Now, we need to find $n \in N$ such that $x \in (n-1, n]$. We know that $4^2 = 16$ and $5^2 = 25$, so $4 < \sqrt{19} < 5$. To get a more precise estimate, $4.3^2 = 18.49$ and $4.4^2 = 19.36$. So $4.3 < \sqrt{19} < 4.4$. Let's use these bounds to estimate $x$: Lower bound for $x$: $\frac{-1 + 4.3}{2} = \frac{3.3}{2} = 1.65$ Upper bound for $x$: $\frac{-1 + 4.4}{2} = \frac{3.4}{2} = 1.7$ So, $1.65 < x < 1.7$.

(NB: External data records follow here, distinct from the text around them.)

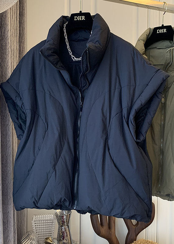 Lässige, marineblaue Rollkragenweste mit Reißverschlusstaschen für den Winter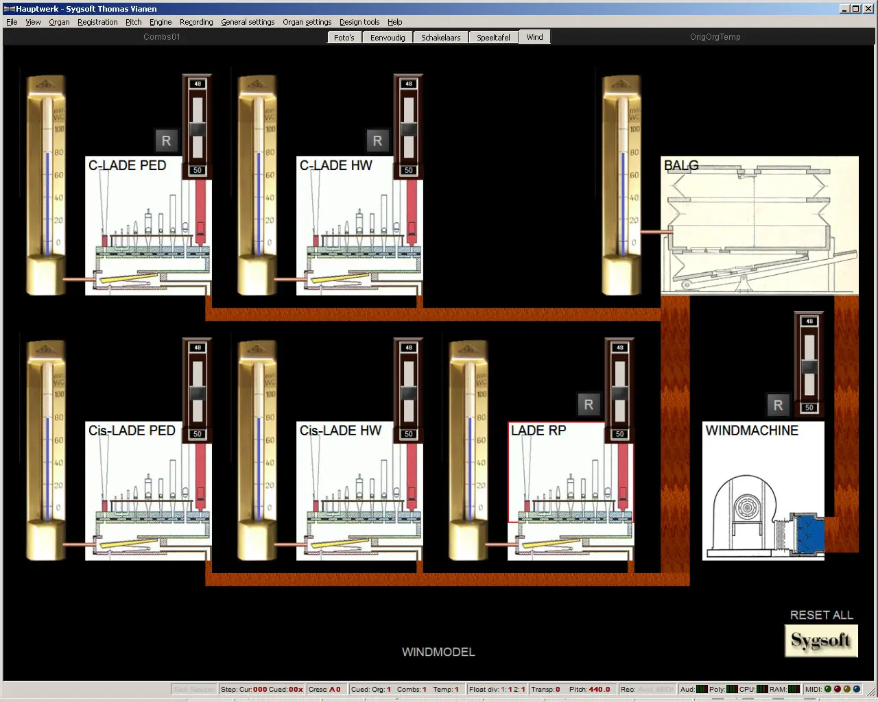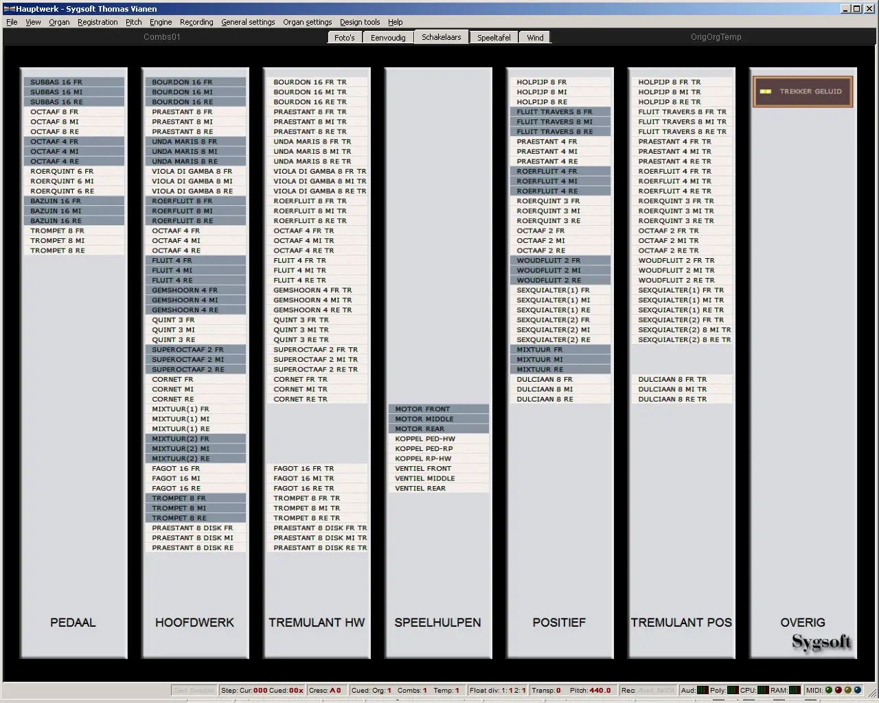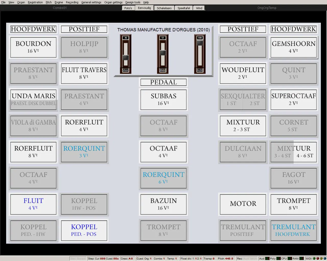 De knoppen met de blauwe tekst zijn voor Hauptwerk bijgemaakt gebruik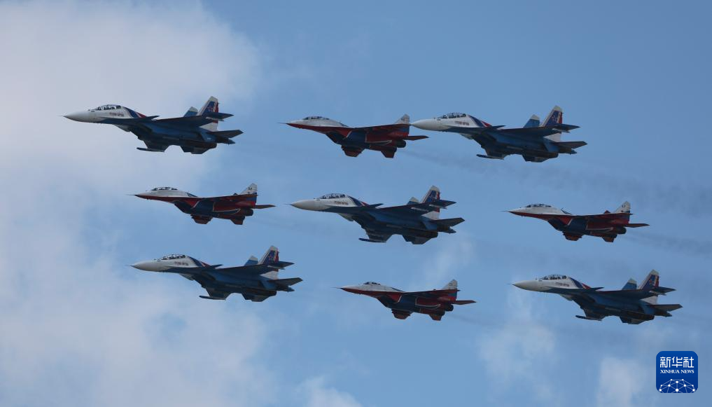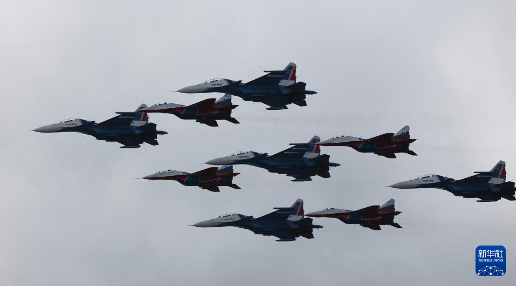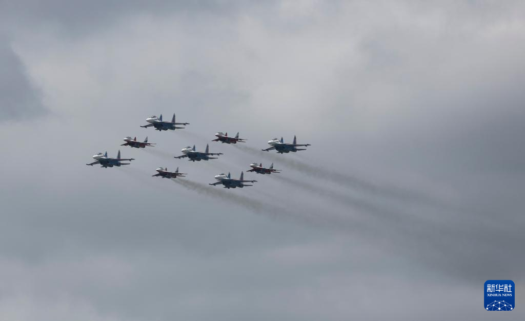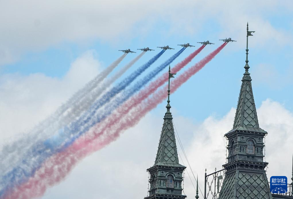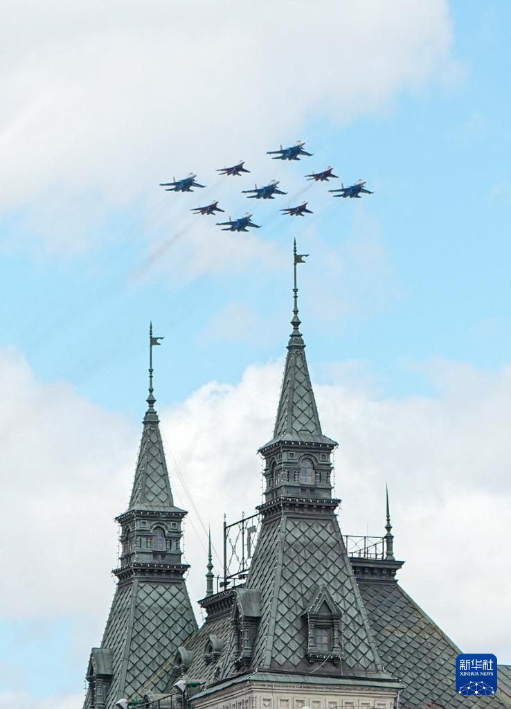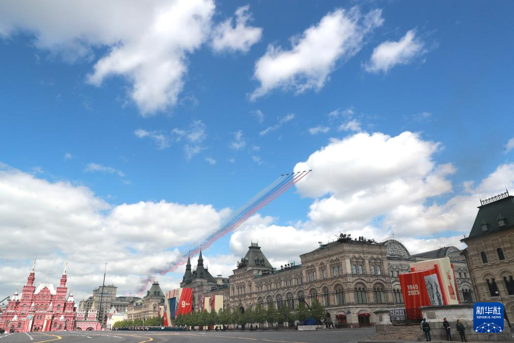5月9日,在俄羅斯首都莫斯科,戰(zhàn)機編隊參加紀念蘇聯(lián)偉大衛(wèi)國戰(zhàn)爭勝利80周年閱兵式。

This implies that $x$ lies between 1 and 2. Therefore, $x \in (1, 2]$. Comparing this with the given interval $(n-1, n]$, we find that $n-1 = 1$ and $n=2$. Thus, $n=2$.

Finally, we need to calculate $\frac{45}{n^3}$: $\frac{45}{n^3} = \frac{45}{2^3} = \frac{45}{8}$.

The final answer is $\boxed{\frac{45}{8}}$.